Back when I first started learning electronics, I could only get hold of a few old germanium transistors (they were long obsolete even back then). Everything I read about them said they were going to be damaged unless you took extreme soldering them - use a heat shunt, etc.
I assume this is because soldering irons in the 50s and 60s looked rather like this?
So what happens if you use modern temperature controlled soldering irons? Can you still damage a germanium transistor?
I took a vintage Green Spot PNP Germanium transistor (never used in circuit) and measured its parameters using a @peakatlas DCA75. So I had a baseline. Yep, Ge transistors really are that poorly performing.
I soldered the transistor to a bit of tag strip (also vintage and unused) with a modern temp controlled iron set at 300C. I used modern rosin cored eutectic lead / tin solder, with a heat shunt clamped to each leg of the transistor then measured the transistor again.

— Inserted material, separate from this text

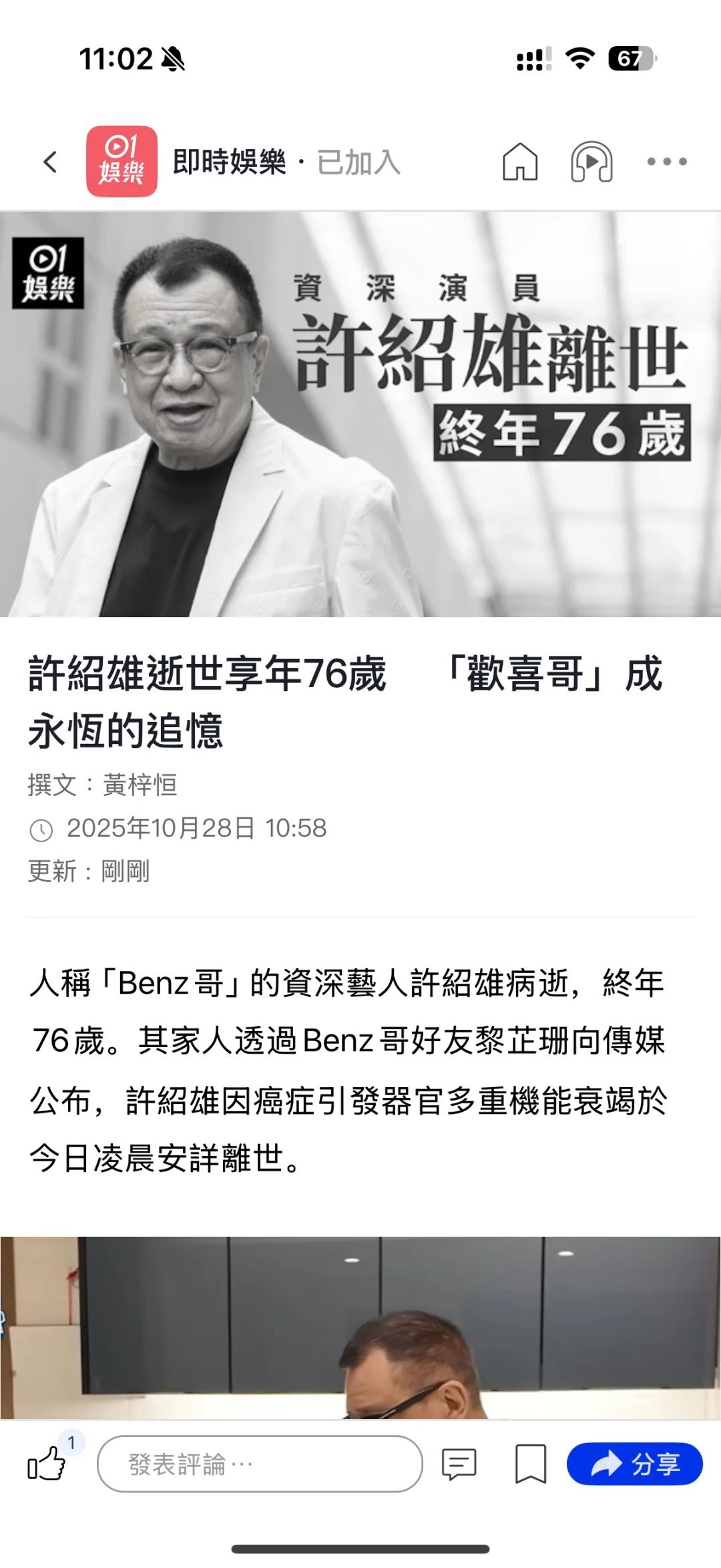 “欢喜哥”虽然去世,但他说的话仿佛还在耳边!许绍雄曾经说过,人这辈子除

Leakage was perhaps fractionally higher, but no massive changes. Which is what I'd hope to see.
I unsoldered the transistor (with a heat shunt) then set the soldering iron to 400C and resoldered the part to fresh tagboard points using no heat shunt. Again I measured its performance after it had cooled down (metal case of transistor reached about 50c during soldering)
Measurements after soldering at 400C with no shunt.
Annoyingly, the DCA75 didn't use the same steps and currents for each set of measurements, but we can see that nothing drastic occurs to the transistor's performance.
This suggests to me that parts I had long though to be essentially thermal fuses, can stand up to a bit more abuse than was written about. Albeit with modern tools, not something you'd fix a stained glass window with. This makes me feel better about reflowing modern parts
So, should I torture the green spot further, should I see where it fails? Or should I give it a happy retirement in a circuit?